What will Wellington's new central public library look like?
After six years and over $200 million worth of renovations, Te Matapihi was revealed today.
Closed since March 2019 after a seismic assessment found it was a threat to life if a serious earthquake occurred, Wellington's new central public library in Te Ngākau Civic Square was unveiled this morning.
Redeveloped at an estimated cost of $217.6 million, it is set to open to the public next March once the internal fit-out is complete.
The library has been gifted the te reo Māori name Te Matapihi ki te Ao Nui, meaning 'a window to the wider world', and the new design offers exactly that.
While before you felt somewhat submerged at ground level, the ground floor of the new library has literally been raised, and there are windows everywhere, opening the space to the city, the sea and the sky.
Additional entranceways, gangways and walkways make it feel part of Te Ngākau Civic Square and a generous, warm civic space to gather in its own right, with more views of the cityscape than were previously available.
This Saturday, on a beautiful, still morning in the Capital, a rededication at dawn was led on behalf of mana whenua by tohunga of Te Āti Awa and Taranaki Whānui, with uri (descendants) of Taranaki .
The event was a rededication with what mana whenua call a 'tohi tāngaengae' – a reawakening ceremony, giving mauri (life force) and breathing new energy into the space to help transform it from the old to the new, the Wellington City Council says.
Rangi Kipa (Te Atiawa, Taranaki and Ngāti Tama ki e Tauihu) is a renowned sculptor, carver, illustrator and tā moko (traditional Māori tattoo) artist.
RNZ / Samuel Rillstone
The redesign has been led by artist and designer Rangi Kipa of Tihei Design in partnership with Athfield Architects, who completed the original library. Zac Athfield, son of the late principal architect Ian Athfield, has led the company's involvement.
In its key structural elements and with the retention of many design elements, Te Matapihi still feels like the library of old - just opened up.
Libraries are like community living rooms, and attending the ceremony felt like returning home after a six-year absence.
While much of the shell of the original award-winning 1991 library remains, for earthquake-strengthening, many of its concrete walls have been removed, bringing in more natural light.
Kipa said he wanted to create a space where one could "feel the presence of mana whenua". Guided by tetaiao (the wonder and awe of the natural world), he wanted to "bring nature back into the city".
This is evident in the light and colour in the space, aided by the new art and design work.
Three mana whenua artists have been commissioned to create what Kipa calls "the rawa" - the inbuilt art and design.
They are senior Māori artist Darcy Nicholas, artist and weaver Ngahina Hohaia , and artist and musician Wiremu Barriball.
While weaving is a clear visual motif in the building cladding, inside Hohaia and Barriball's colourful and dramatic works refer to threads of mycelium and fungi, connectors of the natural world.
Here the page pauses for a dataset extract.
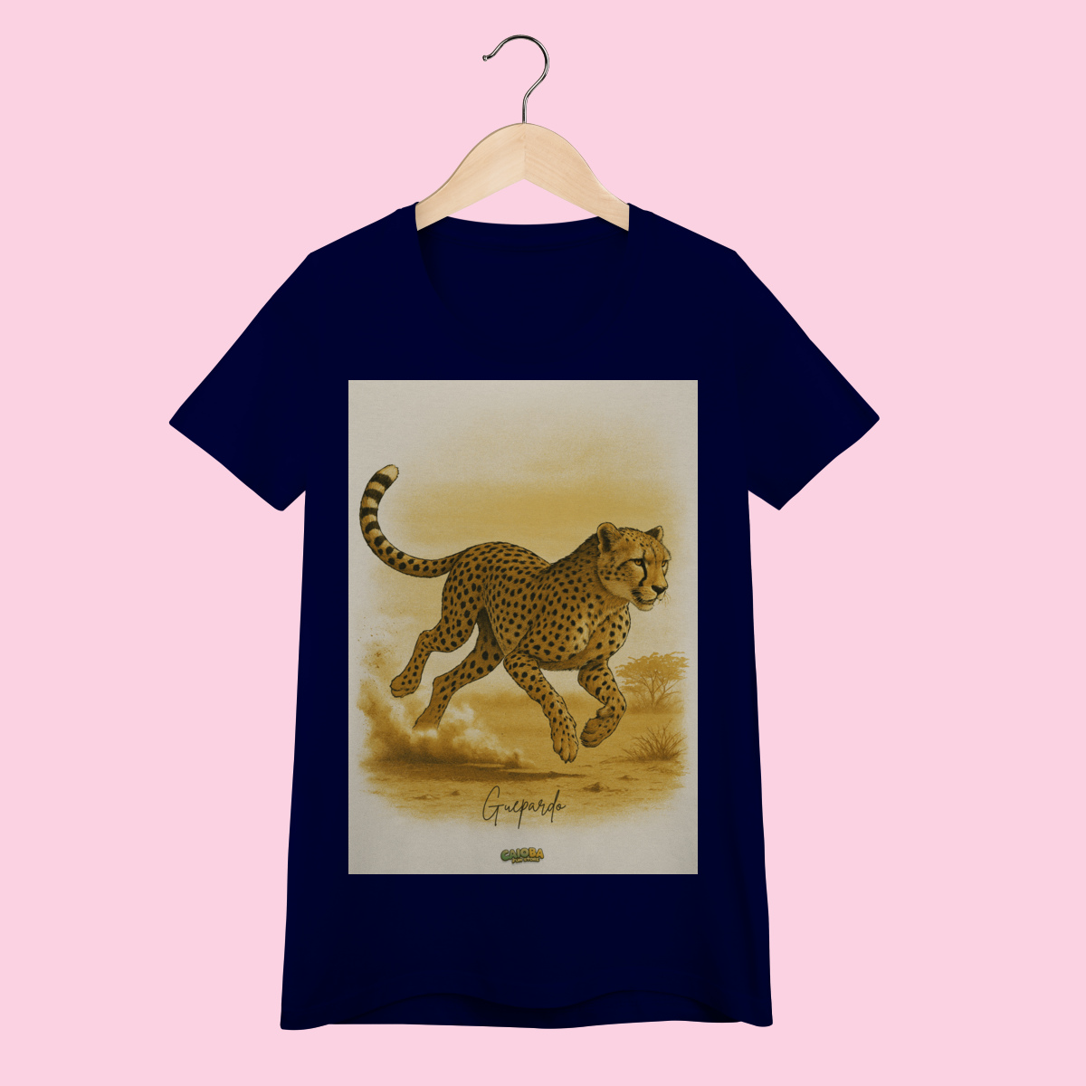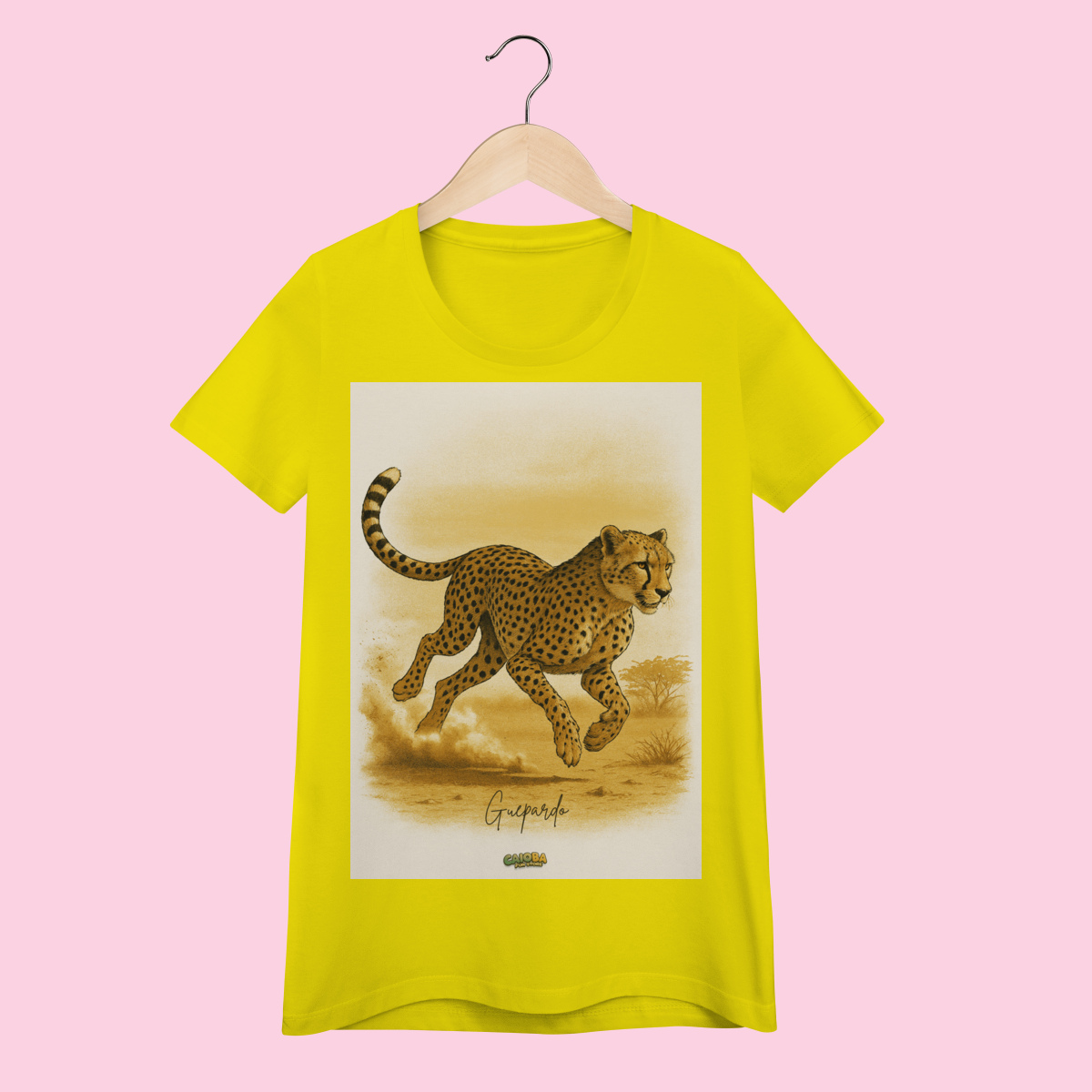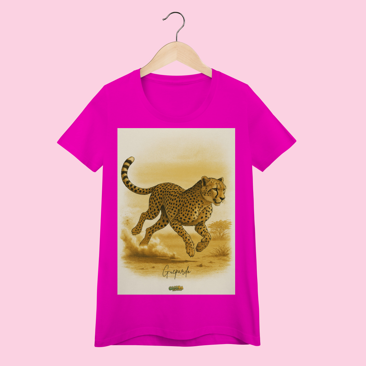 A estampa exclusiva apresenta um guepardo elegante e cheio de atitude, criada especialmente para a Coleção Fauna do Caioba. Impressa com tecnologia Silk Digital HD, garante cores vibrantes, traços realistas e alta durabilidade, mesmo após várias lavagens.

The poem 'Brown Optimism' by the late J.C. Sturm on the side of Te Matapihi ki te Ao Nui.
Mark Amery
In the coming months, the new artwork that is likely to get the most public attention, though, is a giant reproduction of a poem on the building's exterior, at the Victoria Street threshold of Te Ngākau.
Here, Kipa has crafted the lines of 'Brown Optimism' - a poem by influential Māori writer JC Sturm that was first published in the Otago University student magazine Critic in 1947.
Lost for 70 years, this rediscovered poem was written by Sturm when she was a university student. Written in iambic pentameter, it has a rare political stridency for its time.
"For brown must learn from white, the rules to make him equal partner in the game they play; And white must cease to trample underfoot these dark leaves of the Polynesian tree", Sturm wrote.
Behind the poem's lines, Kipa has carved an image of a young makomako tree, whose serrated leaves echo how the poet's words themselves have "teeth", Kipa says.
Better known by her married name Jacquie Baxter, Sturm was the wife of acclaimed poet James K Baxter and one of the first Māori librarians in the country. From 1972, she was the principal New Zealand Room librarian for Wellington.
Te Matapihi will be home to a large ground-floor café, meeting spaces, creative spaces and quiet spaces.
Supplied / WCC
The rededication of Wellington's central library comes at a time of renewed protest over the fate of the nearby City to Sea Bridge - a collaboration between Māori and Pākehā architects whose construction was also a watershed cultural moment for the city.
Last year, the Wellington Council voted to demolish the bridge due to the high costs of earthquake strengthening, and this month, a judicial review of that decision was rejected.
This week, the council paused the demolition of the City to Sea Bridge to await recommendations from the government's earthquake-prone building and seismic risk management review.
Mark Amery is the co-presenter of RNZ's Culture 101. He is a former member of the Wellington City Council’s Public Art Panel.
Jacqueline Cecilia Sturm (born Te Kare Papuni and also known as Jacquie Baxter) in a photograph taken around 1947.